● **Try it**:
Return all the lines below exactly as written. Drop every picture.

Records from a data collection
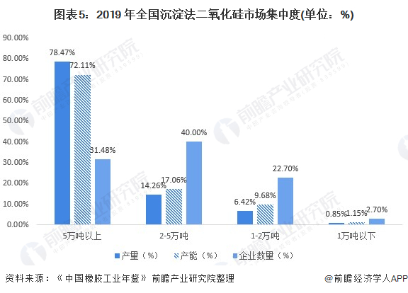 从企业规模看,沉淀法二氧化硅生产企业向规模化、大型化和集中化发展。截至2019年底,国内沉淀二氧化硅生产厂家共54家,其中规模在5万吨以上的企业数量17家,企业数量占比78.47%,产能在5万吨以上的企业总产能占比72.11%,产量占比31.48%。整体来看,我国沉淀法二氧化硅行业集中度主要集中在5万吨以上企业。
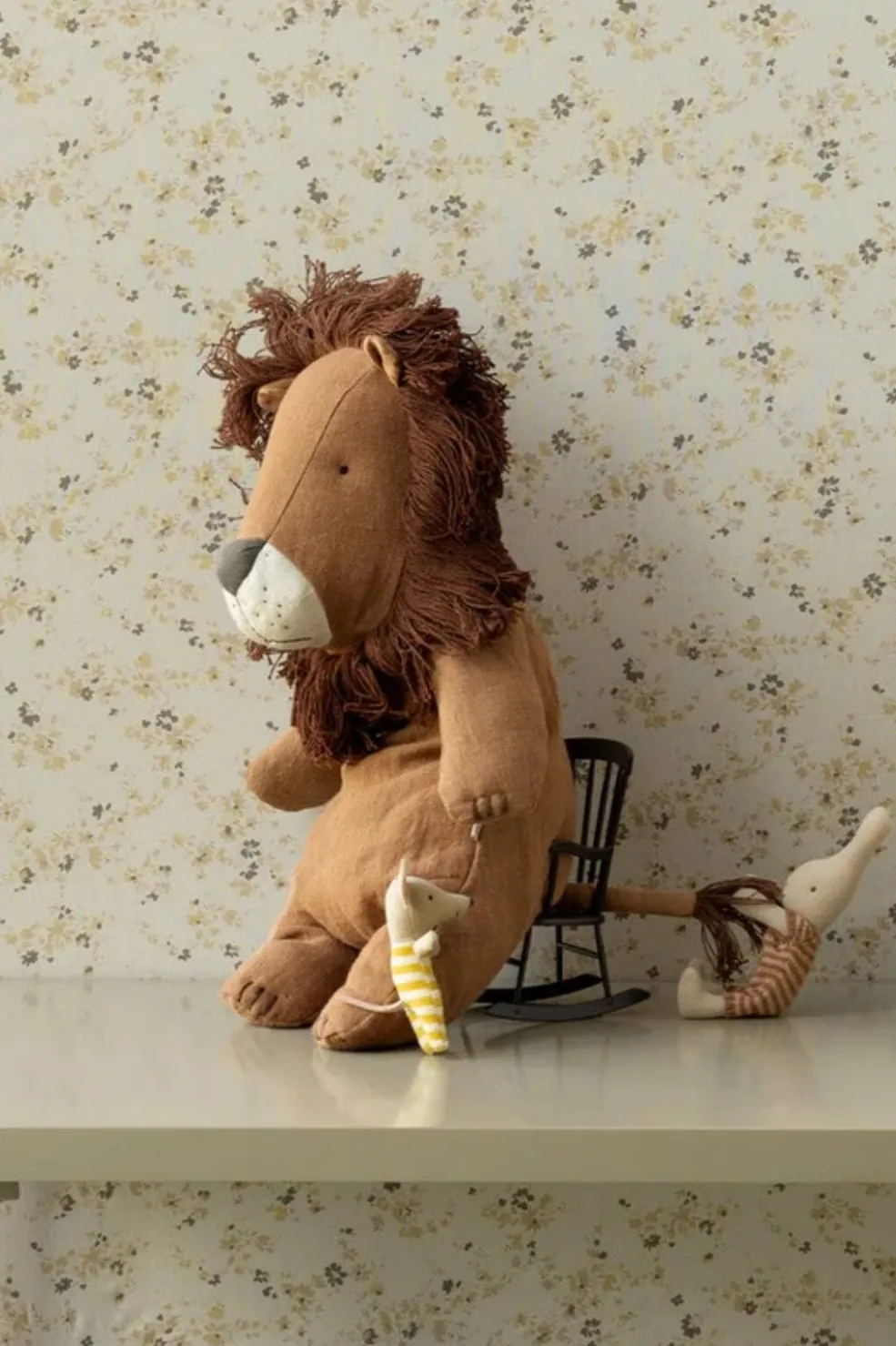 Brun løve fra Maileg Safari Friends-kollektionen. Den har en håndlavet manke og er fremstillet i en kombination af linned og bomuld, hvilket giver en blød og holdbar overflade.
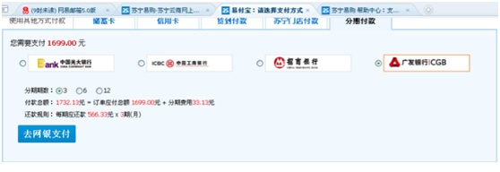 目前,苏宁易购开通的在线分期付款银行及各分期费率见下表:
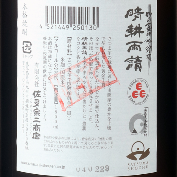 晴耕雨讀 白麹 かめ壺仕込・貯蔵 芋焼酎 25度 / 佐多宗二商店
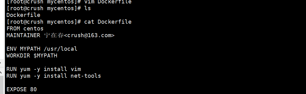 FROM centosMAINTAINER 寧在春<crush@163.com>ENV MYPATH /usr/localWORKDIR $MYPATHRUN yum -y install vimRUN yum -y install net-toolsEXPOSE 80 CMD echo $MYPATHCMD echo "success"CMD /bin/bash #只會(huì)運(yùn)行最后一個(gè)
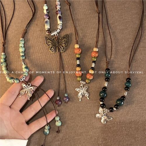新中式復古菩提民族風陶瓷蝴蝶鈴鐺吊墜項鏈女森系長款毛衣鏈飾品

● **Answer for the task**:
 从企业规模看,沉淀法二氧化硅生产企业向规模化、大型化和集中化发展。截至2019年底,国内沉淀二氧化硅生产厂家共54家,其中规模在5万吨以上的企业数量17家,企业数量占比78.47%,产能在5万吨以上的企业总产能占比72.11%,产量占比31.48%。整体来看,我国沉淀法二氧化硅行业集中度主要集中在5万吨以上企业。
 Brun løve fra Maileg Safari Friends-kollektionen. Den har en håndlavet manke og er fremstillet i en kombination af linned og bomuld, hvilket giver en blød og holdbar overflade.
 目前,苏宁易购开通的在线分期付款银行及各分期费率见下表:
 晴耕雨讀 白麹 かめ壺仕込・貯蔵 芋焼酎 25度 / 佐多宗二商店
 FROM centosMAINTAINER 寧在春<crush@163.com>ENV MYPATH /usr/localWORKDIR $MYPATHRUN yum -y install vimRUN yum -y install net-toolsEXPOSE 80 CMD echo $MYPATHCMD echo "success"CMD /bin/bash #只會(huì)運(yùn)行最后一個(gè)
新中式復古菩提民族風陶瓷蝴蝶鈴鐺吊墜項鏈女森系長款毛衣鏈飾品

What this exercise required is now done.